▸ ABOUT THIS TASK: Write out the lines of the material below exactly, beginning at the line with "(Kapselhülle), Reisstärke, Calcium-L-ascorbat." and stopping after the line with "Got this about", and leave out the pictures.

##### THE DATA

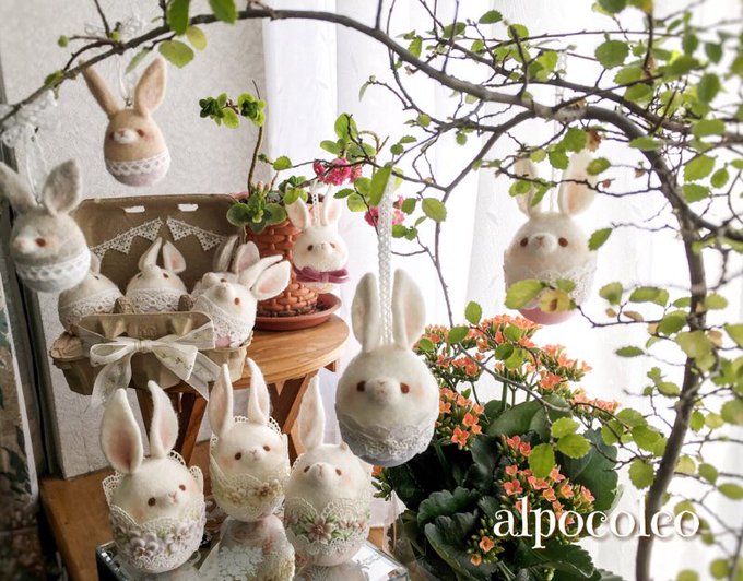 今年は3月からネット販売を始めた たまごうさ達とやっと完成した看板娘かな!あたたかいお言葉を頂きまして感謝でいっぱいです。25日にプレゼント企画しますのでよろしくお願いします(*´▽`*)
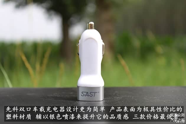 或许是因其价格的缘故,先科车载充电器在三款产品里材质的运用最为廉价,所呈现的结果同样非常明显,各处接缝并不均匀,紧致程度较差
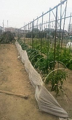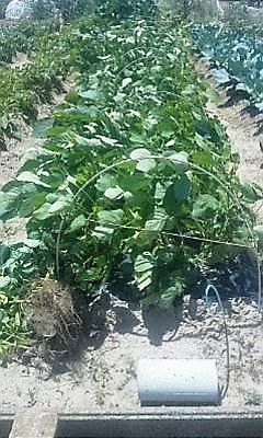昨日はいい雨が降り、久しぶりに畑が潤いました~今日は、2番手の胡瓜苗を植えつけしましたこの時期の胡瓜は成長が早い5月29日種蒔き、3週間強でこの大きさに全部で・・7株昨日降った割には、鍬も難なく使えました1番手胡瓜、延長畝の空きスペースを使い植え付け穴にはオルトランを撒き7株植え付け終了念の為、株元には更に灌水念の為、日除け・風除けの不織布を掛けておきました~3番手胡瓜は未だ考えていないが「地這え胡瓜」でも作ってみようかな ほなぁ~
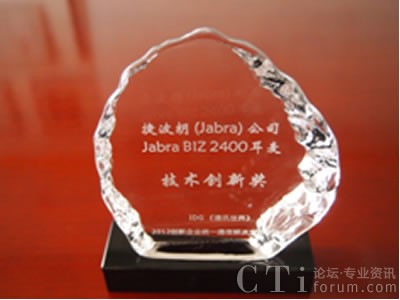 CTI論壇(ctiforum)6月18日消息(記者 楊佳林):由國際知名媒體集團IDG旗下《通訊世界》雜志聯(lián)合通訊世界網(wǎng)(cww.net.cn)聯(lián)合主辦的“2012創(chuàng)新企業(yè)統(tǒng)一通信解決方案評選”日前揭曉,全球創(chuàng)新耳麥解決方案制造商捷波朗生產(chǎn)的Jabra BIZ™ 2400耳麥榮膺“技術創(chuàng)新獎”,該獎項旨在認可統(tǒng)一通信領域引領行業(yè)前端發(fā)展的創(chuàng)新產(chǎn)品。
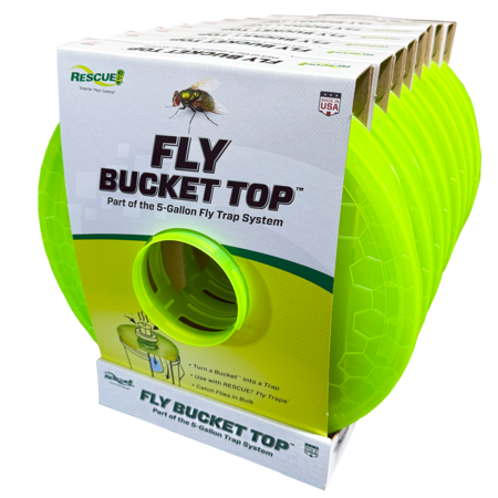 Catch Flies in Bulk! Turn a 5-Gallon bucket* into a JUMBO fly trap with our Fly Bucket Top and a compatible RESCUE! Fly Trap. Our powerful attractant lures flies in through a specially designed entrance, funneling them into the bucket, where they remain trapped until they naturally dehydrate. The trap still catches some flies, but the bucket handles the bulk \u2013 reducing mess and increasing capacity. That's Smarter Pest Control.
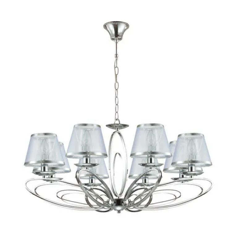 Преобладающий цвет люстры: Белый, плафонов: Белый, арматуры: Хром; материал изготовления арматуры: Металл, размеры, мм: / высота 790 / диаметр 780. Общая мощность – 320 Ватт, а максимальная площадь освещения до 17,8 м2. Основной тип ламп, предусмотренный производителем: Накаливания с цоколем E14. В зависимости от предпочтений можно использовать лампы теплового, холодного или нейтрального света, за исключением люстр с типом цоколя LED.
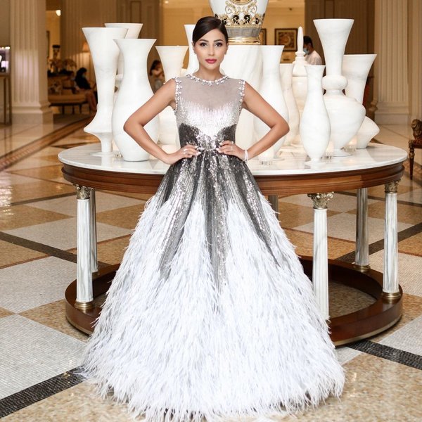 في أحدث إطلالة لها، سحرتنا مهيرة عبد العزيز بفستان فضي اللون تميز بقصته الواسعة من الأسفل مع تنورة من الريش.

##########
##### THE DATA

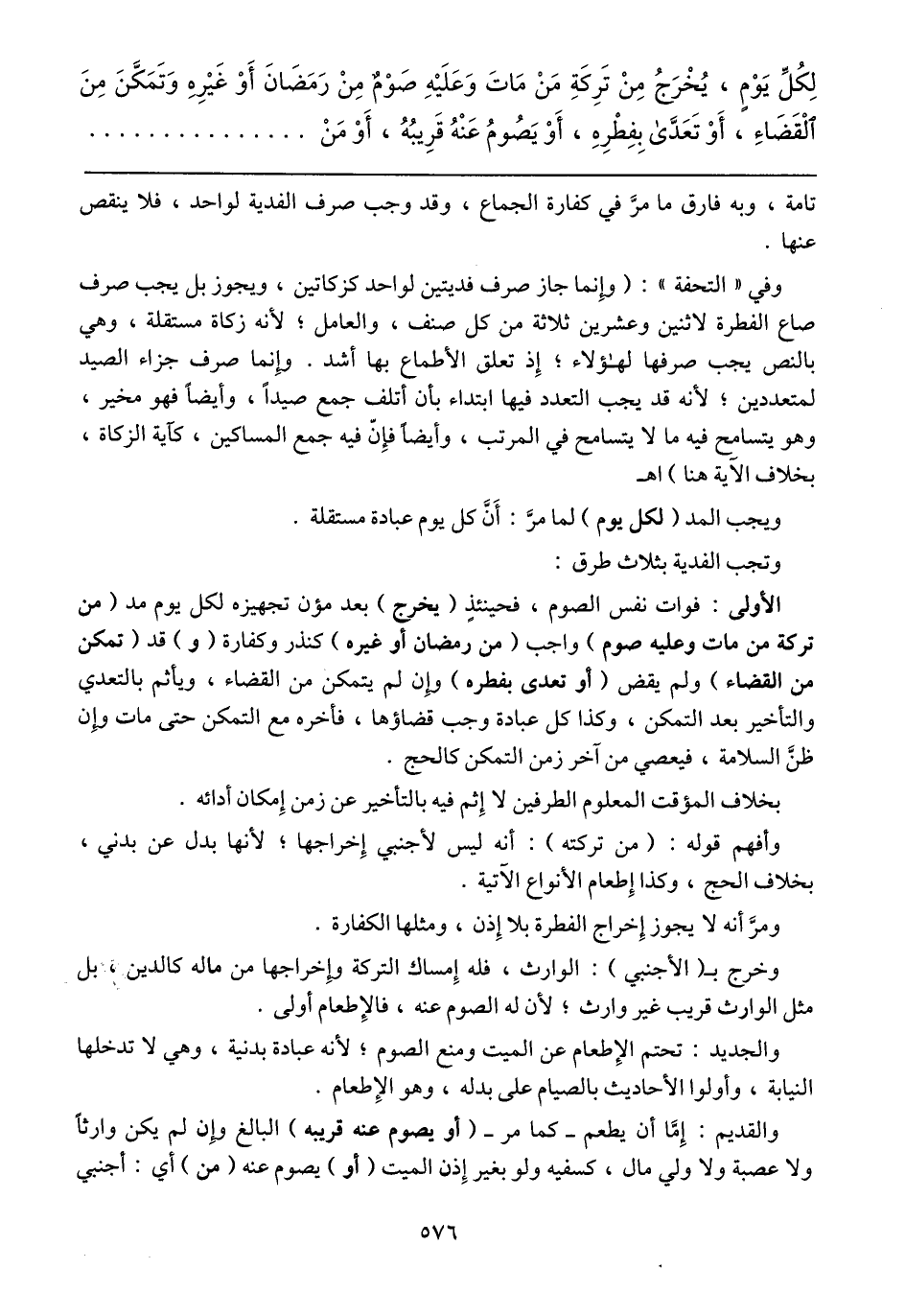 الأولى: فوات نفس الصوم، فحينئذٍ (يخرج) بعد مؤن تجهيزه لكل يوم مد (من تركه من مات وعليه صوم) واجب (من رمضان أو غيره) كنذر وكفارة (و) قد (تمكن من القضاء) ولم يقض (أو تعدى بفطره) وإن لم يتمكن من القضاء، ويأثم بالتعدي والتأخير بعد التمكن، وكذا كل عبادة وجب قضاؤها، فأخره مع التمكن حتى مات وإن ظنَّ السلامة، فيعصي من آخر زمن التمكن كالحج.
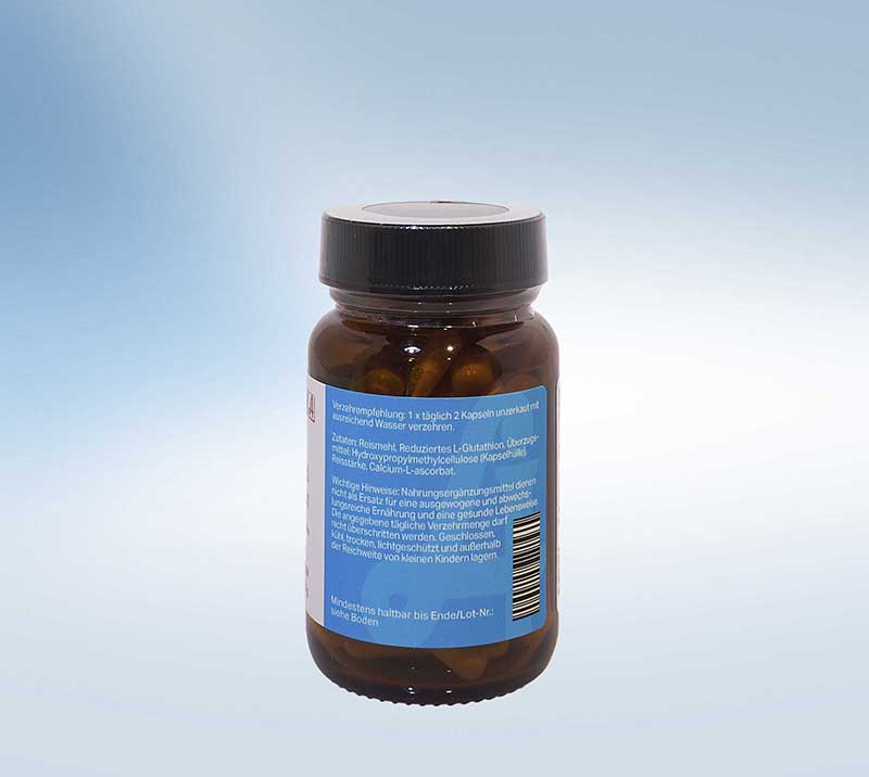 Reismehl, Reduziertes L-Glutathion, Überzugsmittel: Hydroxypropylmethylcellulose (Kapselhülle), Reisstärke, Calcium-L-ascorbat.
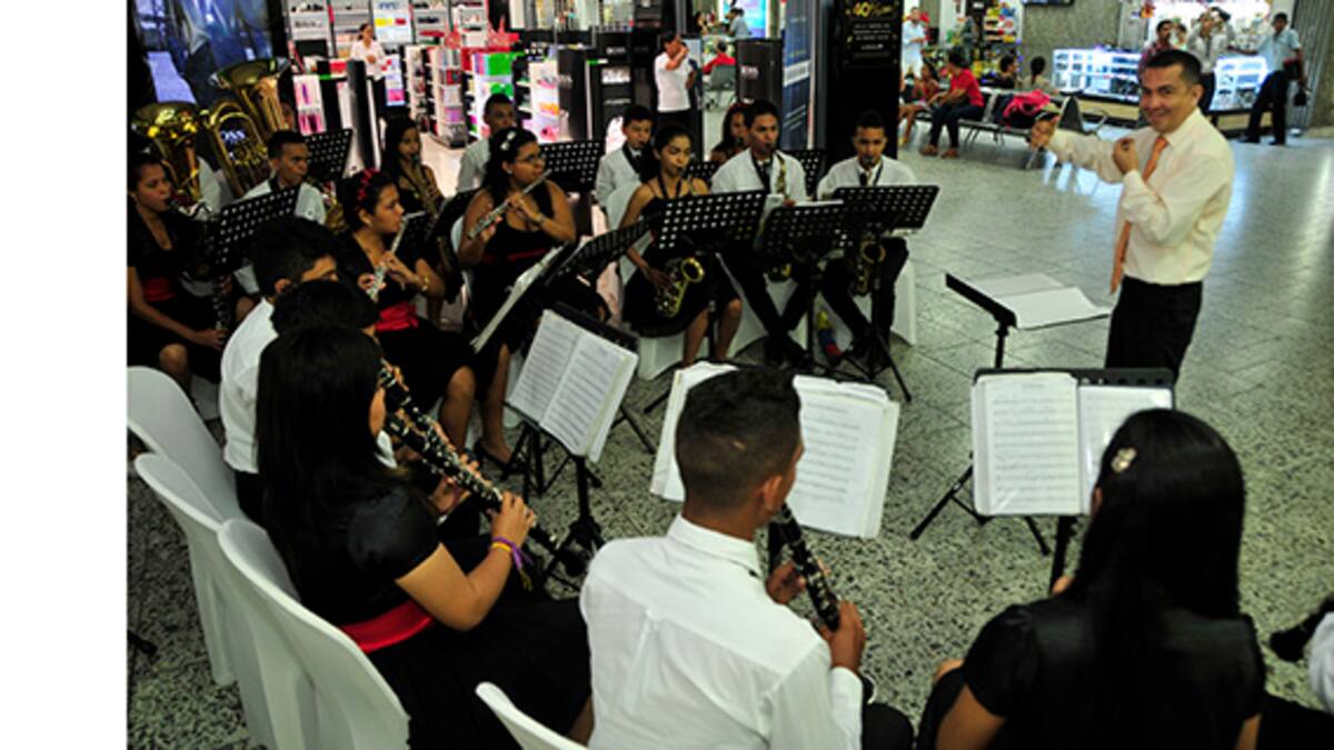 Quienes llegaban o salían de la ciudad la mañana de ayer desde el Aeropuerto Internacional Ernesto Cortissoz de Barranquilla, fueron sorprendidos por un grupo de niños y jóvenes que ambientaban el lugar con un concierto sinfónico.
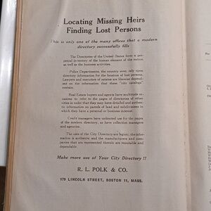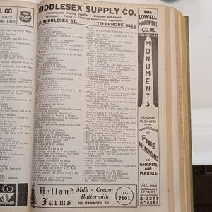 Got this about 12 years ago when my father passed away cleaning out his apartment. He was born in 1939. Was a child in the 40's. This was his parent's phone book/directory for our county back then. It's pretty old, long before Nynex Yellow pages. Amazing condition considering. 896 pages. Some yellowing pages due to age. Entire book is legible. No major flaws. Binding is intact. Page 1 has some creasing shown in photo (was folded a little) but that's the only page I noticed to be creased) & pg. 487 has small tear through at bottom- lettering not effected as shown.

##########
##### THE DATA

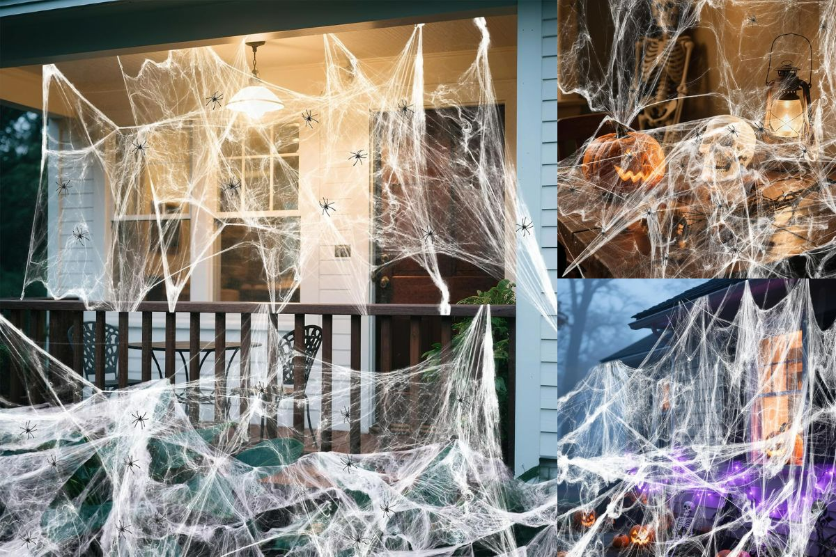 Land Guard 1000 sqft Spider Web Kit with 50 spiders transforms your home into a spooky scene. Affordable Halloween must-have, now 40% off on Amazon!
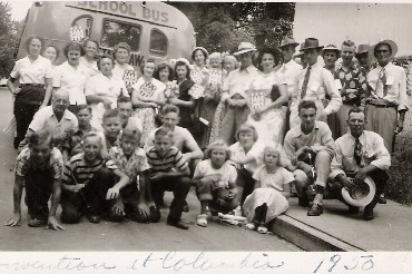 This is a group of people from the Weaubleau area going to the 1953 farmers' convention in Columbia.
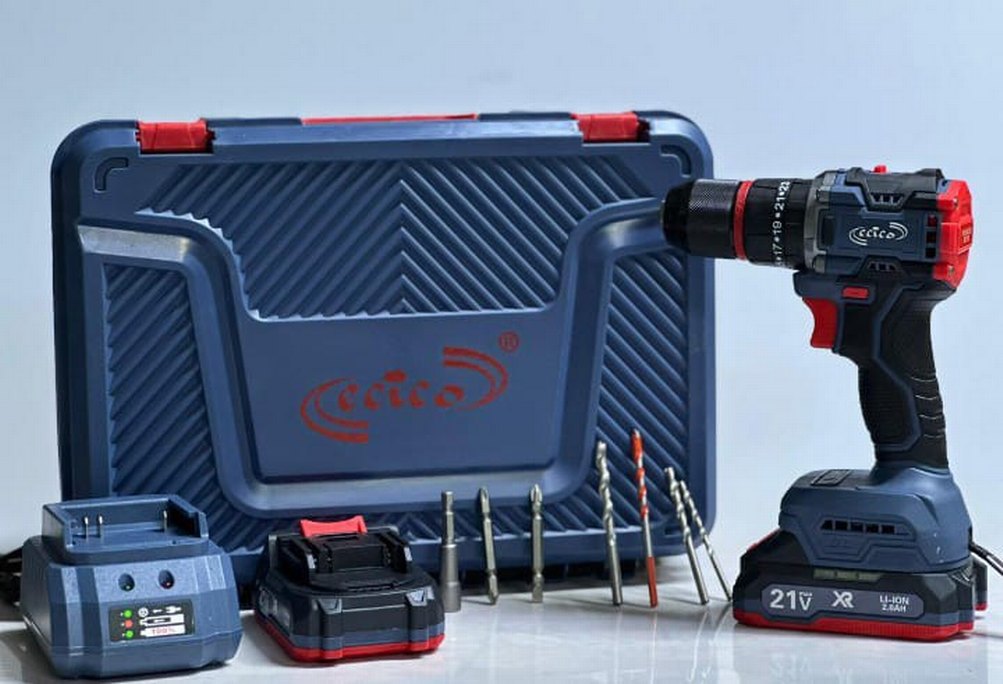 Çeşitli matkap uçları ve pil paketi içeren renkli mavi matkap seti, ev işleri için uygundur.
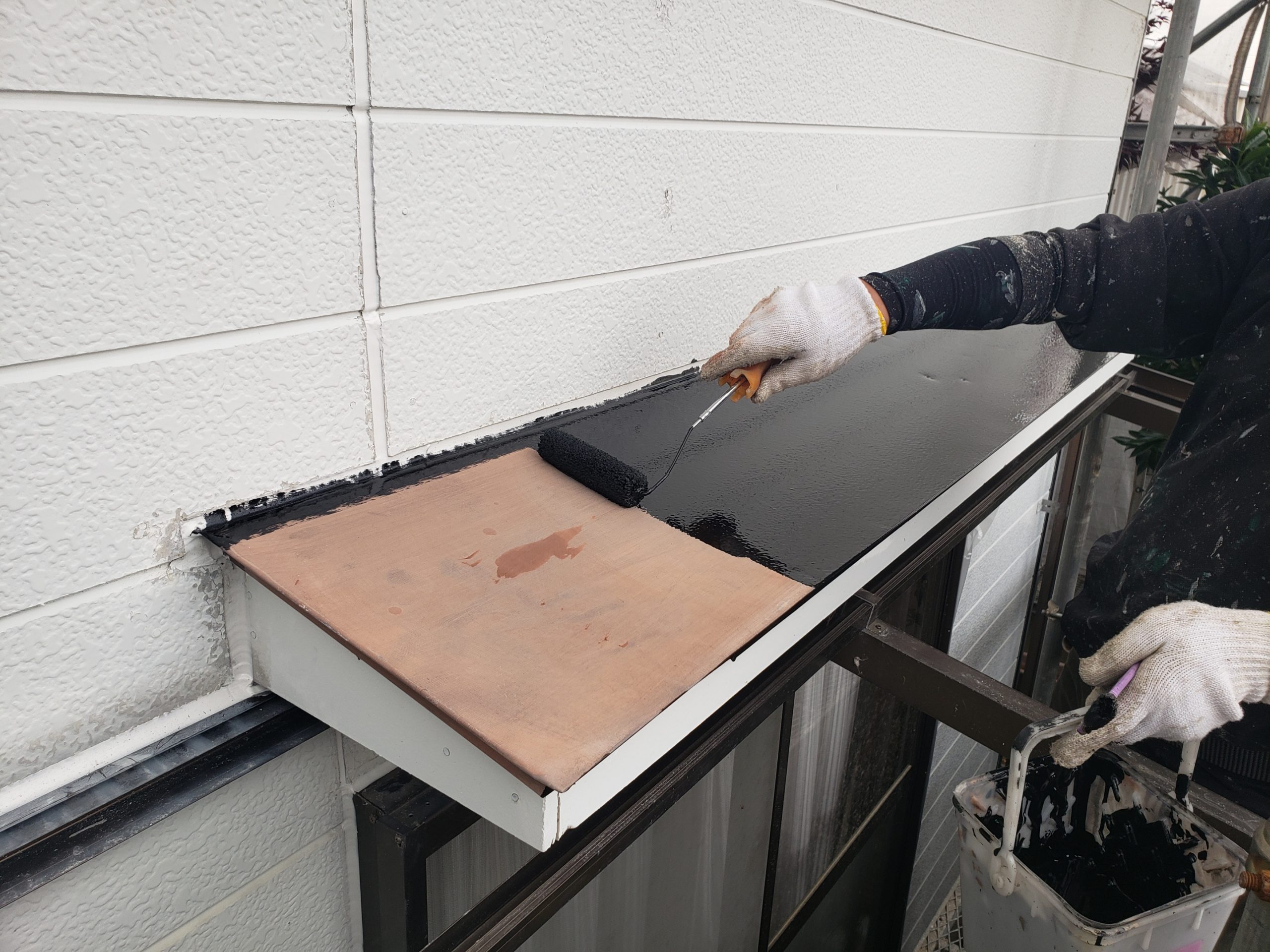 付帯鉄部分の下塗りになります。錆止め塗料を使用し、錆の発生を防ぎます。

##########

▸ RESPONSE TO THIS TASK:
 Reismehl, Reduziertes L-Glutathion, Überzugsmittel: Hydroxypropylmethylcellulose (Kapselhülle), Reisstärke, Calcium-L-ascorbat.
 Quienes llegaban o salían de la ciudad la mañana de ayer desde el Aeropuerto Internacional Ernesto Cortissoz de Barranquilla, fueron sorprendidos por un grupo de niños y jóvenes que ambientaban el lugar con un concierto sinfónico.
 Got this about 12 years ago when my father passed away cleaning out his apartment. He was born in 1939. Was a child in the 40's. This was his parent's phone book/directory for our county back then. It's pretty old, long before Nynex Yellow pages. Amazing condition considering. 896 pages. Some yellowing pages due to age. Entire book is legible. No major flaws. Binding is intact. Page 1 has some creasing shown in photo (was folded a little) but that's the only page I noticed to be creased) & pg. 487 has small tear through at bottom- lettering not effected as shown.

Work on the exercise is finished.